Take butter out from refrigerator for 10 minutes.
Shift the flour and cocoa powder into a bowl.
Separate the egg. You only need the yolk.
SECOND:
Mix it. Place the butter and sugar into a bowl of stand mixer using the paddle attachment at medium speed.
Cream the butter with sugar.
Add egg yolk and mix it all together.
Add half of flour/cocoa and mix it.
Then add another half and mix it until it is a sticky mess.
Place the dough onto plastic wrap. Wrap the dough and shape it to a round flat disk.
Put dough into the refrigerator for 2 hours.
THIRD
Shape crust. Take out of the dough for 10 minutes.
Butter and flour 4 inch tart pans (5).
Cut dough in 5 pieces.
Use a rolling pin to make 5 thin round disks.
Place the dough onto prepared tart pans.
Push the access dough around the edge.
Freeze crust for 20 minutes.
FOURTH.
Bake the crusts.
Preheat the oven 375°F.
Bake them for 12-15 minutes.
Let them cool.
FIFTH
Prepare the Earl Grey Custard Filling. Heat the milk to a boil turn off the heat.
Add loose earl grey tea and let it sit until cool.
Strain the milk with a sieve into a medium saucepan.
SIXTH:
Add, whisk cook. Add egg yolks, sugar, corn starch whisk it well.

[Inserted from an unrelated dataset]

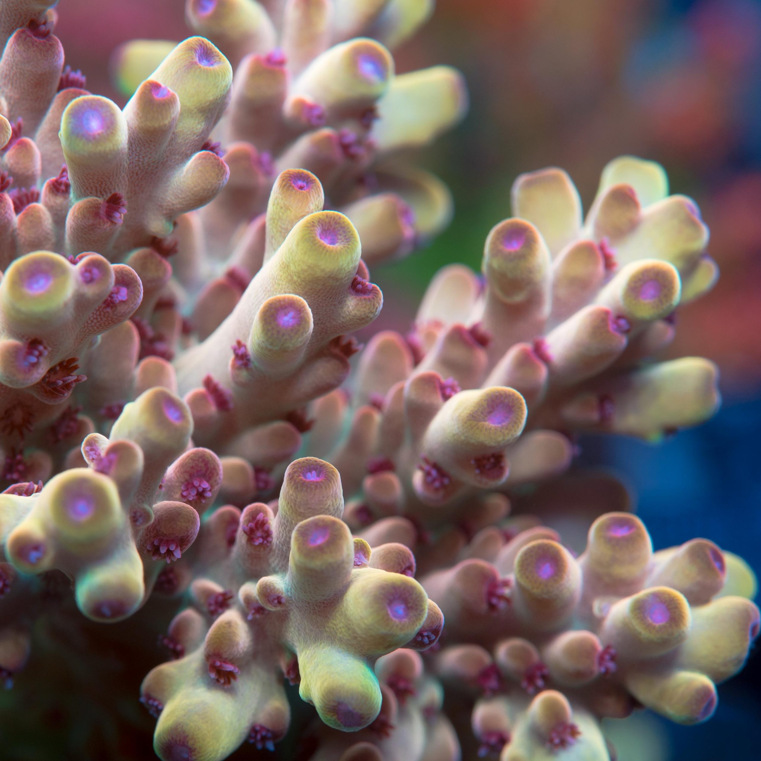 Wow, this A.Granulosa is simply amazing. Our picture shows you exactly what the eye sees when viewing this coral in a full spectrum. Not the oversaturated pics you find on a Google search. We also have the best price you can find!

Cook the milk, egg mixture over the medium heat whisk it well.
Cook until thickens.
SEVENTH:
Fill the tart shells. Spread apricot preserves on the bottom baked tart shell.
Spoon the cream on top.
Refrigerate for 20 minutes.
TEA TIME!
Serve your Earl Grey Chocolate Tart. Take out the Tarts 10 minutes before serving.
Decorate with chocolate or cocoa powder.
Perfect for teatime or as a dessert.